"And it is one of my heritages! Brother-in-law of a consul, Senor mia, but it is a title, and I hold it!"

Rovère experienced a strong desire to call, to ring, to give an order to have this troublesome visitor put out. But energetic and fearless as he had been but a short time before, now weakened by illness, he trembled before a possible scandal. Then he, unaided, attempted to push the young man out of the salon. Pradès resisted, and, at the first touch, gave a bound, and all that was evil in him suddenly awoke.

A struggle ensued, without a word being pronounced by either; a quick, brutal struggle. Rovère counted on his past strength, taking by the collar this Pradès who threatened him, and Pradès, while clutching the ex-Consul with his left hand, searched in his pocket for a weapon—the one which Bernardet had taken from him.

This was a sinister moment! Pradès pushed Rovère back; he staggered and fell against a piece of furniture, while the young man disengaging himself, stepped back, quickly opened his Spanish knife, then, with a bound, caught Rovère, shook him, and holding the knife uplifted, said:

"Thou hast willed it!"

It was at this instant that Rovère, whose hands were contracted, dug his nails into the assassin's neck—the nails which the Commissary Desbrière and M. Jacquelin Audrays had found still red with blood.

Pradès, who had come there either to supplicate or threaten, now had only one thought, hideous and ferocious—to kill! He did not reason. It was no more than an unchained instinct. The noise of the organs upon the Boulevard, which accompanied with their musical, dragging notes this savage scene, like a tremulo undertone to a melodrama at the theatre, he did not hear. The whole intensity of his life seemed to be concentrated in his fury, in his hand armed with the knife. He threw himself on Rovère; he struck the flesh, opening the throat, as across the water among the Gauchos he had been accustomed to kill sheep or cut the throat of an ox.

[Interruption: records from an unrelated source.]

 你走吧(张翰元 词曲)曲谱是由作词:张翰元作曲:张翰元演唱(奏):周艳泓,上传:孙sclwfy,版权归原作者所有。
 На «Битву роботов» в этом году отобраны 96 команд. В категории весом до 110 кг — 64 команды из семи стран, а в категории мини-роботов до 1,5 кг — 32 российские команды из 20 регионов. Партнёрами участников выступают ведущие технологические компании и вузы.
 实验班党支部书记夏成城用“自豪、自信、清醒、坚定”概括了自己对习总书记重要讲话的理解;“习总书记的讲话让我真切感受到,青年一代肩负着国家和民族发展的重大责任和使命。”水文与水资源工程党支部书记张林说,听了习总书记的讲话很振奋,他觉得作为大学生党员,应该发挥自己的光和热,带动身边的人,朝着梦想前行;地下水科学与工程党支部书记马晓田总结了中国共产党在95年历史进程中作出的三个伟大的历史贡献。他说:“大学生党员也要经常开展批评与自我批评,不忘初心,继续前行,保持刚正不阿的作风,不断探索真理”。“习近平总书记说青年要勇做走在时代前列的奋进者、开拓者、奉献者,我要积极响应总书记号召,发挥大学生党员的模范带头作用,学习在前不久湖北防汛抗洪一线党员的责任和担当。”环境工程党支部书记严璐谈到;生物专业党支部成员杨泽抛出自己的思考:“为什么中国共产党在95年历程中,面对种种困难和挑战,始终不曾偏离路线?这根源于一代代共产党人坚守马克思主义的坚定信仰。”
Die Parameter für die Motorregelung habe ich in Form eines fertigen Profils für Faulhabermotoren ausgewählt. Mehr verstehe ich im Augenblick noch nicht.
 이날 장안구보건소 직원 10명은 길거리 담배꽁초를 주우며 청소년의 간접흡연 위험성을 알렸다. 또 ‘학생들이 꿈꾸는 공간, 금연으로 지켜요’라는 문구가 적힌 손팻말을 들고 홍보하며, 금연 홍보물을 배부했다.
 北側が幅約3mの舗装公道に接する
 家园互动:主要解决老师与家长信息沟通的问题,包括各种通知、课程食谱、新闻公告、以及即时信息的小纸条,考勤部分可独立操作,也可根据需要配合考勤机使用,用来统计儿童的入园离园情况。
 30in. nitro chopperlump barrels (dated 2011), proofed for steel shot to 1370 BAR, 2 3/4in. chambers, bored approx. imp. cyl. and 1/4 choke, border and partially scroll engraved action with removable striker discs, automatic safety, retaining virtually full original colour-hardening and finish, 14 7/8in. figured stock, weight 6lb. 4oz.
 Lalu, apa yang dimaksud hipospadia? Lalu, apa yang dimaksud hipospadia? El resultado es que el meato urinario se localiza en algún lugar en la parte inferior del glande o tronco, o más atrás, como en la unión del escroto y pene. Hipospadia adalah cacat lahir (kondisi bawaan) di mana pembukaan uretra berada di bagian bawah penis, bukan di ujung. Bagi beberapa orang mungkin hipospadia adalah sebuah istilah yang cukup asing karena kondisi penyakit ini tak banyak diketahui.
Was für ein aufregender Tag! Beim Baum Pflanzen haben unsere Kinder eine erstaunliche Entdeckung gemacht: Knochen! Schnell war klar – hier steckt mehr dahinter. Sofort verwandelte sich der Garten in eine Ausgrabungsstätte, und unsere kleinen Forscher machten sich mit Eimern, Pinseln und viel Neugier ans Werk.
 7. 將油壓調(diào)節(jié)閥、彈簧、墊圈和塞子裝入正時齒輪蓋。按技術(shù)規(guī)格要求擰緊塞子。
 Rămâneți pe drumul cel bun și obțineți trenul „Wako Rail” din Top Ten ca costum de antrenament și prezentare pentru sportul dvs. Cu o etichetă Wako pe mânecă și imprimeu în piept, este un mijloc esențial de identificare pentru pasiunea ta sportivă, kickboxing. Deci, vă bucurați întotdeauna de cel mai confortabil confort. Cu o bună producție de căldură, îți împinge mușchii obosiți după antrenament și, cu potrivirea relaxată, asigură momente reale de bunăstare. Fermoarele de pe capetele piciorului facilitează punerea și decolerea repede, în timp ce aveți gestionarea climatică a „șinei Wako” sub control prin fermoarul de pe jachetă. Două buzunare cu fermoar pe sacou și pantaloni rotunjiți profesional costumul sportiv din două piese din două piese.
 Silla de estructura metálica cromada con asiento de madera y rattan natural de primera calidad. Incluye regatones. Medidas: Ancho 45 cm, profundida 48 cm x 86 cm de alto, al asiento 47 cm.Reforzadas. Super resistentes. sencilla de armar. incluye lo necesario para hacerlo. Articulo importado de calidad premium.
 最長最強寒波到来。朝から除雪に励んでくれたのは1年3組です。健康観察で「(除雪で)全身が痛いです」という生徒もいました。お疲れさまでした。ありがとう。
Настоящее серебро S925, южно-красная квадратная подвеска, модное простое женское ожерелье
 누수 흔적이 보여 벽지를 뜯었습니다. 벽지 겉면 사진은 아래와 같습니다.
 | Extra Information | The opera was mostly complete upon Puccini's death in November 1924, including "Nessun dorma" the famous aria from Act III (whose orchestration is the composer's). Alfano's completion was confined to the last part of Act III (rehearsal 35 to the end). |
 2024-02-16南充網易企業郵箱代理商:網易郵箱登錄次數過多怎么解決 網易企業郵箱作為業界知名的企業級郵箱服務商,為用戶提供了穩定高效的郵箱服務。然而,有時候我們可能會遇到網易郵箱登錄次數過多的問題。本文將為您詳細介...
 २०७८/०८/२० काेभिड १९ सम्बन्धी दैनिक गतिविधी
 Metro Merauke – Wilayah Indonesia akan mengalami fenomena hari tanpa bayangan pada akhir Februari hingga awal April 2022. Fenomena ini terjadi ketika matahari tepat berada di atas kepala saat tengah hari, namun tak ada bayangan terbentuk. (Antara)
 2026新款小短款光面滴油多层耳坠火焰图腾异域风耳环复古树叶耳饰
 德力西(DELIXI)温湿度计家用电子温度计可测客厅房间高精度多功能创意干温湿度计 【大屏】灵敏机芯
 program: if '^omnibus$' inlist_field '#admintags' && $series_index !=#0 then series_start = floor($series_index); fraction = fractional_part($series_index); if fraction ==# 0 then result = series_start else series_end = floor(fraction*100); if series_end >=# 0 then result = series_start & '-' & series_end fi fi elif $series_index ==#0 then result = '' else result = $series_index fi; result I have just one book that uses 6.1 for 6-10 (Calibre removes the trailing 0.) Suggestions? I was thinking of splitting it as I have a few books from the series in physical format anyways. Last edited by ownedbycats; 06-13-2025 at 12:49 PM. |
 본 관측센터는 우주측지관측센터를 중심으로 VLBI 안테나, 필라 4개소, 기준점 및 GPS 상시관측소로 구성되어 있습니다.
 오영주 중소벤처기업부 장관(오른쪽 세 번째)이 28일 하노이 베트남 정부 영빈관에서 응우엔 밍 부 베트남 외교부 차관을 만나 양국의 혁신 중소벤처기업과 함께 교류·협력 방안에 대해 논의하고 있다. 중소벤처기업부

Rovère staggered, wavered, freed from the hand which held him, and Pradès stepping back, looked at him.

Livid, the dying man seemed to live only in his eyes. He had cast upon the murderer a last meaning look—now, in a sort of supreme agony, he looked around, his eyes searched for a support, for aid, yes, they called, while from that throat horrible sounds issued.

Pradès saw with a kind of fright, Rovère, with a superhuman tragic effort, step back, staggering like a drunken man, pull with his poor contracted hands from above the chimney piece an object which the murderer had not noticed and upon which, with an ardent, prayerful expression he fixed his eyes, stammering some quick inarticulate words which Pradès could not hear or understand.